Can anyone advise please?
I have a telephone recording which is not the same as the original recording (from memory).
Using Audacity…
How can I tell if parts of the track have been removed or subsituted
Was sent to me as an attachment via email
Have Win 7 Pro
Many thanks
If there are any background noises, listen to them carefully for any discontinuities.
If cuts/edits have been made, but not very well, then by switching to the Spectrogram track display you may see vertical lines like this:
Note that a good edit will not show this. Also, vertical line like this may be caused by any click, not just a bad edit, so it is not proof of an edit, just a possible indication.
Bare in mind that it is scientifically proven that memory can be highly unreliable.
Hi Steve
Thanks for quick reply.
Will have a look in Spectorgram.
Know what you mean about memory. But…
There is a key phrase/question I asked but missing!
Tony
You can’t… Your ears are probably the best tool. For example, if the background noise changes or the volume or changes or sound character changes, maybe that part was recorded at a different time under different conditions.
But, it’s possible to remove parts or move parts around, and if you do a good job there will be absolutely no evidence.
If you do a bad job, there may be a “glitch”, but you can also get glitches in a normal phone connection.
A WAV file is just a sequence of numbers, and there’s really no way to know if the sequence has changed unless you have the original file/sequence.
Is there any way to establish when the recording was created?
Not when created on my PC, but originally from the copy.
I presume it is a series of numbers (binary)
How do I look at the guts of it
They also sent.( by mistake?) a smaller file (75kb MP3) (larger file, actual recording 1.75mb) which when I try to open have error message…
Cannot open file and am referred to Microsoft help which suggests ID3 Tag headers problems
ps
Have managed to import smaller file using raw data in Audacity (What a program!)

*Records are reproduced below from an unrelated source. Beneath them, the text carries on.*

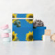Photograph of a bright yellow sunflower against a deep blue sky is replicated across paper.
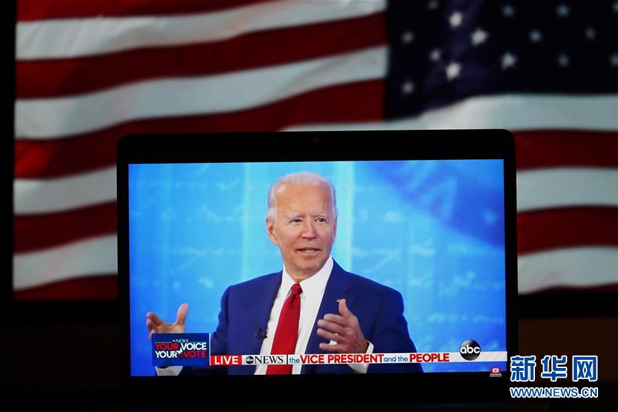 這張10月15日在美國弗吉尼亞州阿靈頓拍攝的照片顯示,電視上正在播放民主黨總統候選人、前美國副總統拜登在賓夕法尼亞州費城參加選民問答會的節目。 美國現任總統、共和黨總統候選人特朗普和民主黨總統候選人、前美國副總統拜登15日晚分別在佛羅里達州邁阿密市和賓夕法尼亞州費城參加選民問答會。 新華社記者 劉杰 攝
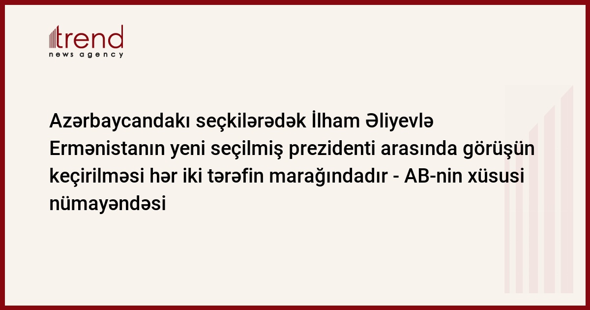 Fransa, Strasburq, 23 fevral / Trend müxbir A.Məhərrəmli/ "Hesab edirəm ki, Azərbaycandakı seçkilərədək prezident İlham Əliyevlə Ermənistanın yeni seçilmiş prezidenti arasında görüşün keçirilməsi hər iki tərəfin marağındadır. Axı onlar bir-birini tanımalıdır. Ümid edirəm ki, görüş baş tutacaq". Bunu Strasburqda jurnalistlərlə söhbətində Avropa Birliyinin Cənubi Qafqazdakı xüsusi nümayəndəsi Piter Semnebi deyib.
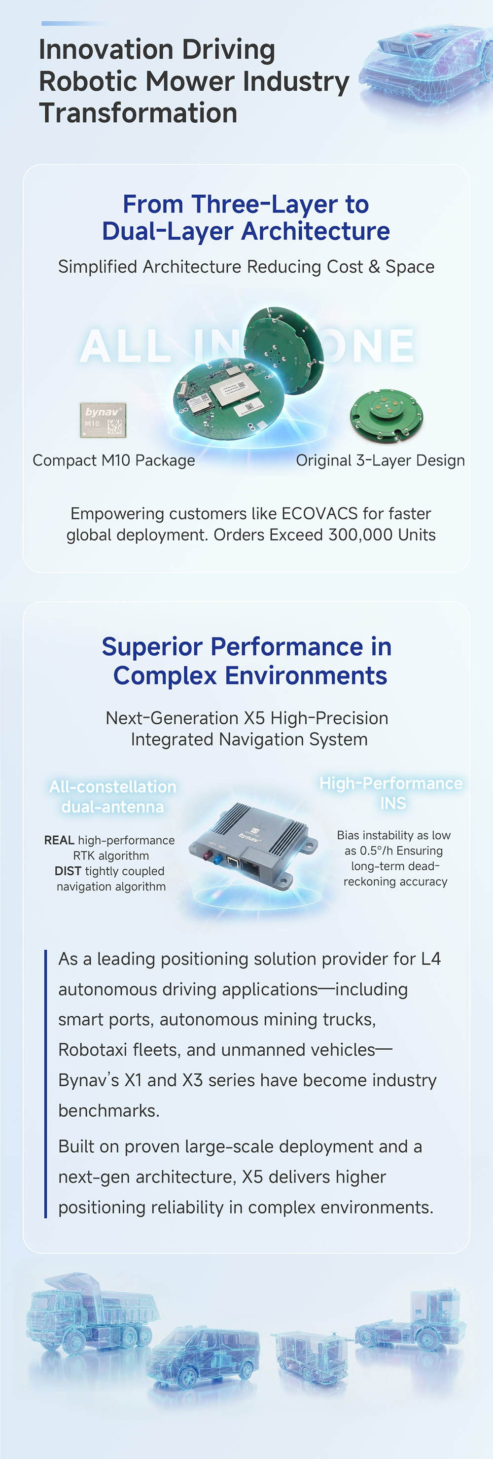 Bynav’s technology solutions are now widely used in intelligent robotics applications, including lawn mowing robots, driving industry upgrades through innovation.
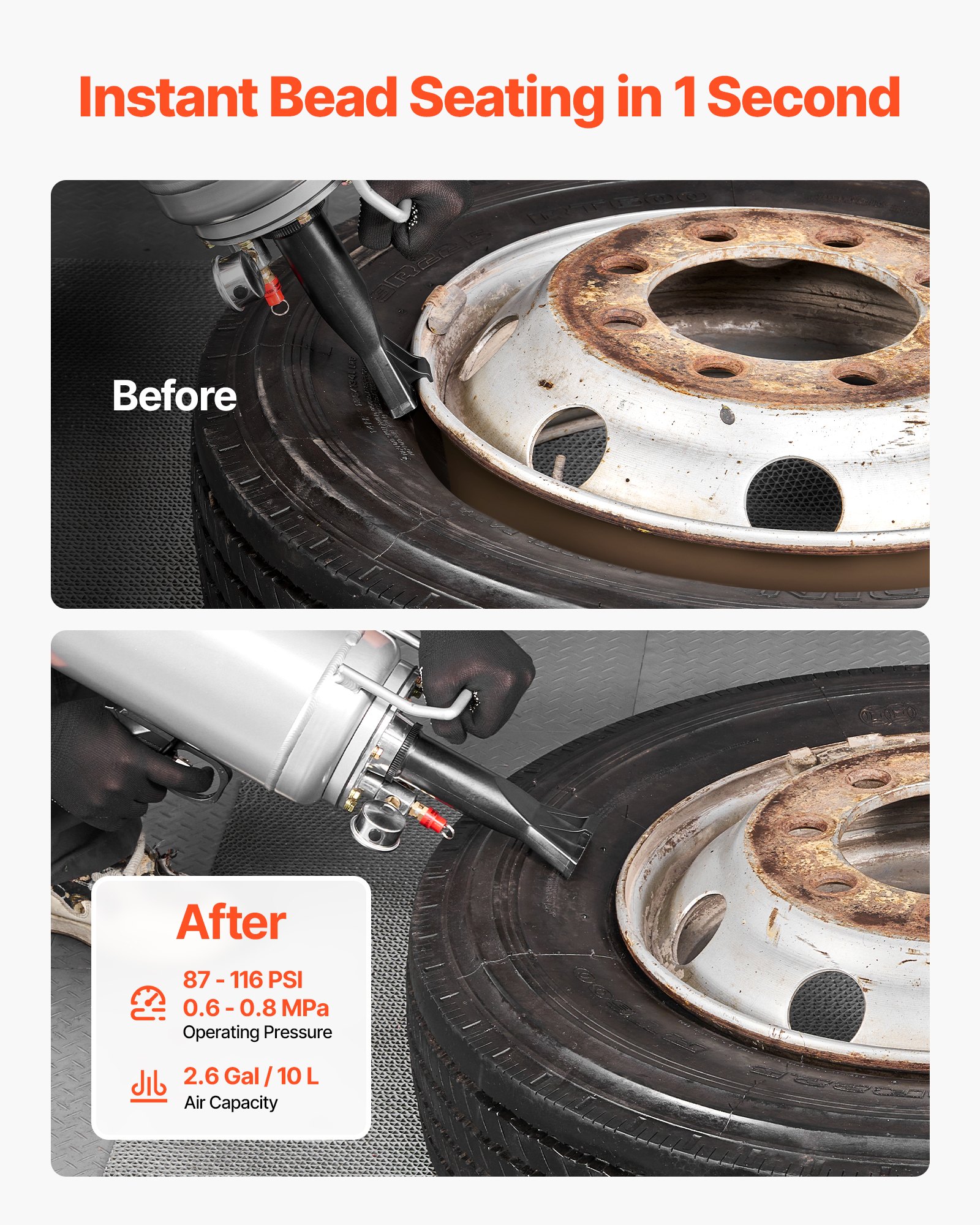 Portable Tire Bead Seater, 2.6 Gal/10 L Air Bead Blaster, Handheld Tire Inflator Tool, 87-116 PSI Operating Pressure, Trigger Seating Inflator For Car, Compact SUV, Light Truck, E-Bike, RV, ATV
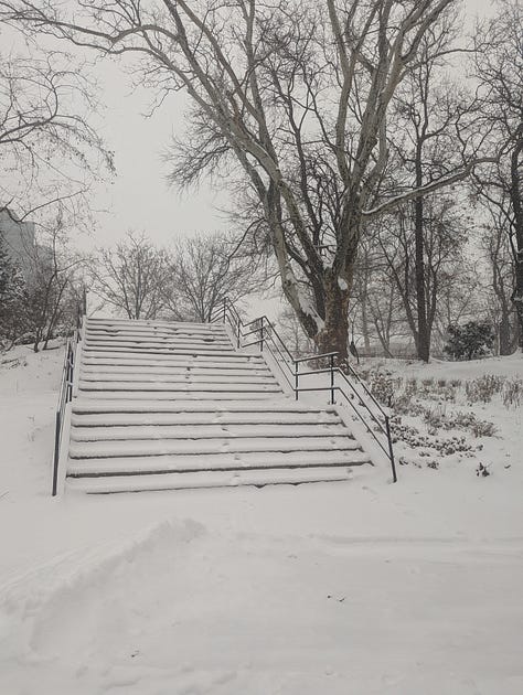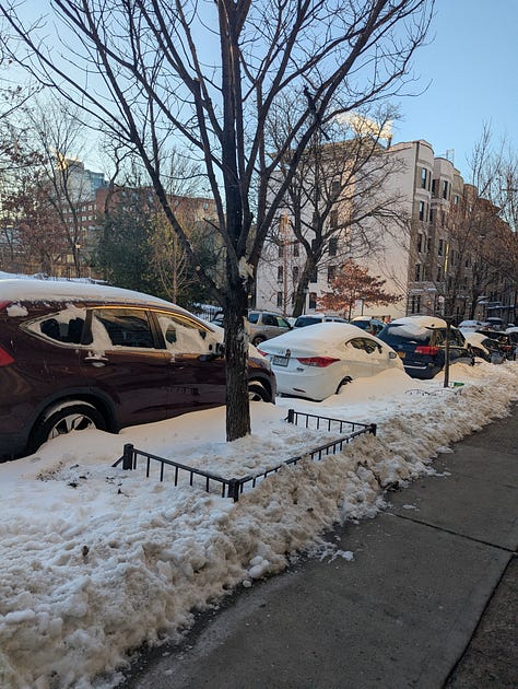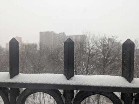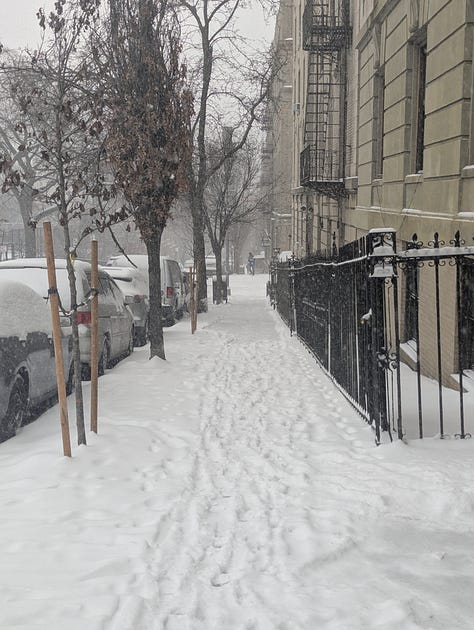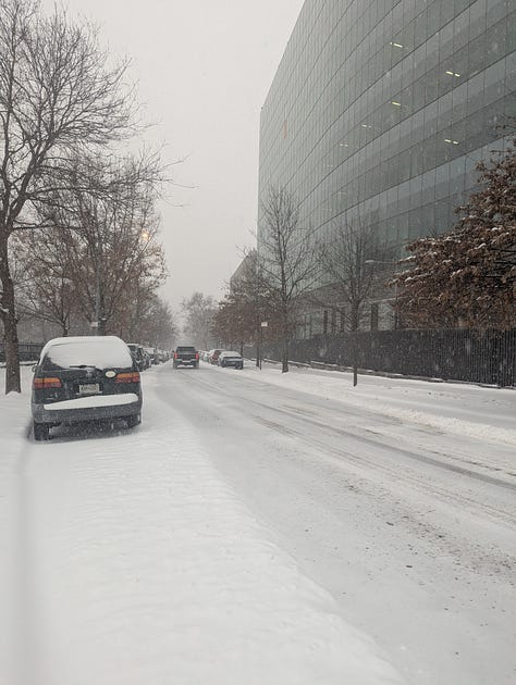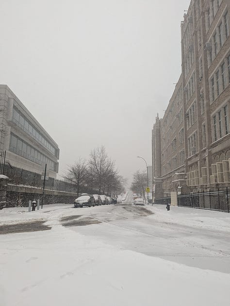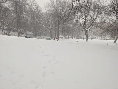 The snow started Sunday morning and just kept going. I went out for a walk that morning after it had just started, and it was magical to experience. It felt like I was in a snow globe. I went to the park near my apartment, and saw people playing badminton on the sidewalks, while kids sled down the huge hill and made snow angels. When I was young, I played in the snow quite often, and my favorite activity was to sled!
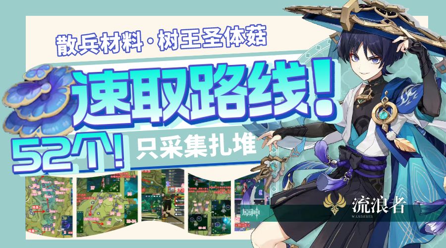 【V3.3攻略】#角色攻略#散兵材料|树王圣体菇 52个速取路线!只采扎堆的!

Just a hiss, but can view sound waves
Thanks all
No there isn’t.
If you want to play the MP3 you could try VLC http://www.videolan.org/vlc/
(it’s a free player that can play most things).
Tried Videolan without success. Error UNDF
Tried gspot to recognise codecs No luck
Thanks all
Anybody talented in editing can create a new recording and few people can tell what they did. The entire broadcasting and film industry works on skillful editing.
There might be a tool within VLC Player that will give you File INFO. That might tell you when the last time the file was changed, not the first time the file was recorded.